Strategy day coming up? Do these five easy things to make it go with a bang!
Last week I ran a strategy day for board members and the senior management team of an organisation. A lot was discussed and achieved over the two three-hour sessions. A simple - yet different from usual - approach and format ensured the objectives were achieved. Here are my five tips for getting the best out of any strategy day:
Switch it up. A co-working space. A private room above a pub. A funky meeting room somewhere new. Get. Out. Of. Your. Office. If you want people to feel unencumbered and free from the usual routine to get the thoughts flowing; if you want to achieve breakthroughs and get the energy fired up and flowing - it’s imperative to go somewhere different.
Ditch the table. At this week’s strategy day, there were 18 people in the room. 18 people who would usually sit around a long board table. But tables get in the way. They can act as a barrier. People hide behind them. Hierarchies play out. That’s why I always stipulate an arc or horseshoe of seats. No one is head of the table, everyone can contribute and the layout lends itself to more open conversations.

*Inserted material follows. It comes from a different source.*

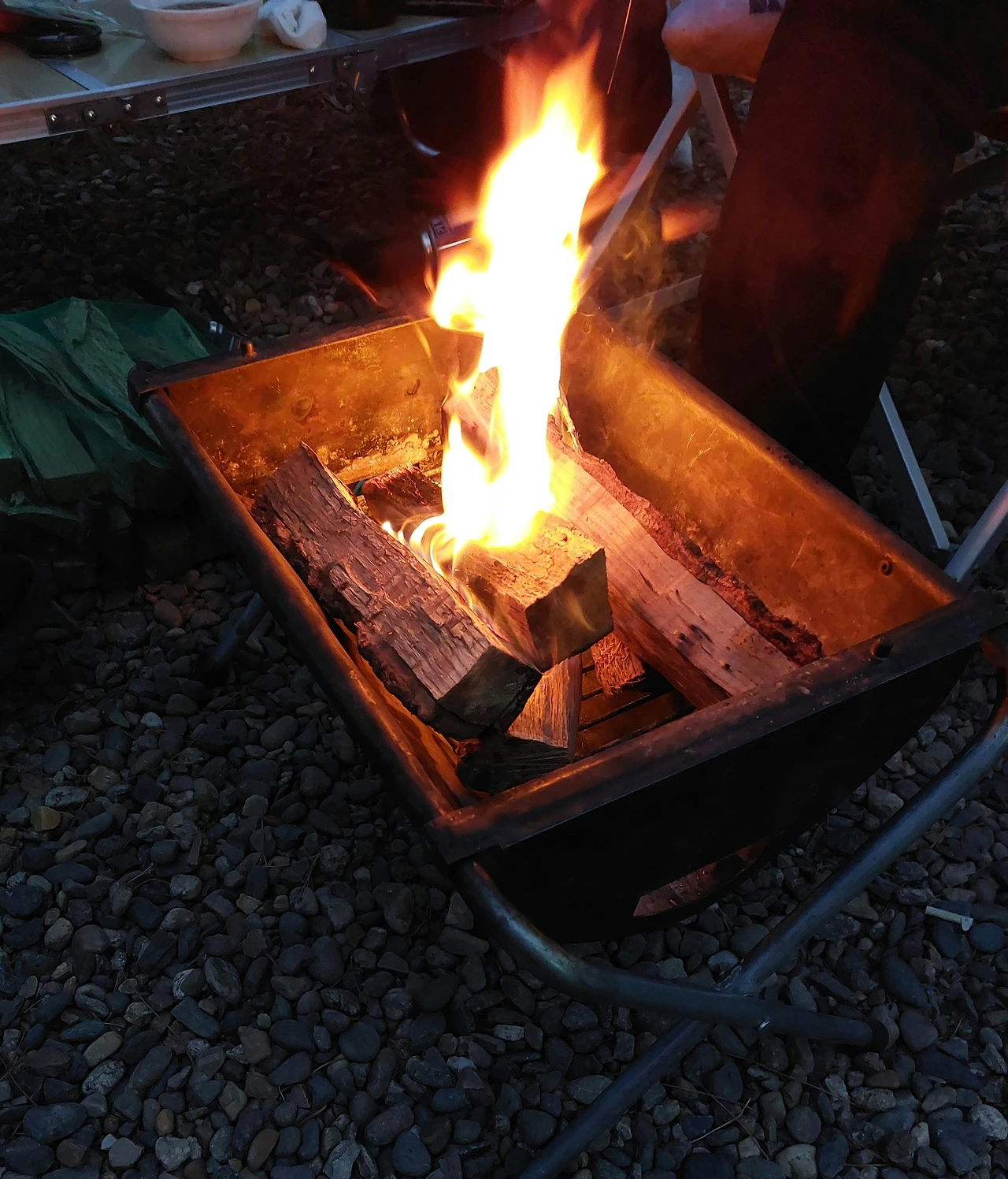 두둑히 먹고 정리하니 벌써 저녁이 가까워진다. 조금 어둑해 졌을 때 짝꿍은 장작을 넣어 불멍할 수 있도록 모닥불을 피워준다. 싸늘했던 공기가 모닥불로 인해 따스해 진다. 불멍이 시작되었다. 짝꿍과 나는 또 다른 이야기 보따리를 풀어낸다. 아이의 친구들 이야기를 하며 서로의 의견도 묻고 내 생각도 정리해 본다. 요즘 나의 근황도 이야기 해본다. 하루를 글쓰며, 필사하며, 보내고 있다는 나에게 응원해 주는 친구이다. 공모전도 응모해 보고 싶다는 말에 더없이 환호를 보내준다. 요즘 내가 즐기며 할 수 있는 일이 생겨 너무 좋다고 하였다. 외로움도 덜어준다는 얘기도 덧붙였다. 이런 저런 대화를 하고, 옥수수와 떡도 모닥불에 구워먹고 어느 새 밤이 되어 간다. 하루가 길었지만 알차게 논 하루 였다.

Keep the topic list concise. Nothing is going to be more off-putting than a long laundry list of topics to discuss. Who wants to wade through ten or twenty points? There won’t be time either to do it all justice. So keep it short. In a six-hour session we tackled four topics. The subjects had space to breathe.
Stay focused. What do you want the outcome to be? Make sure you’re crystal clear on this, whether it’s an agreement in principle, a consensus, a decision. You’ve got all the decision-makers in the room together, so make the most of it to get out of it what you want. You might be surprised by what you can achieve when you bring the constraint of time to the (non-existent) table.
Get an outsider to host. In Luke Johnson’s Sunday Times column on strategy days last weekend (“It’s hard to see any profit amid the undrinkable coffee and whiteboards”) he said that hiring an outsider was pointless: “The facilitator will probably neither understand the industry under discussion nor know the people in the room,” he writes. I wholeheartedly disagree. Getting the right person will bring a fresh perspective, energy and clarity. If they’ve got the nous and leadership credentials, ignorance of the organisation or industry won’t matter a bit. In fact, when you’ve got someone who isn’t familiar with the day-to-day they can ask the questions perhaps no one else will. They’ll be able to challenge and their impartiality and lack of vested interests can get everyone to contribute without any political undertones.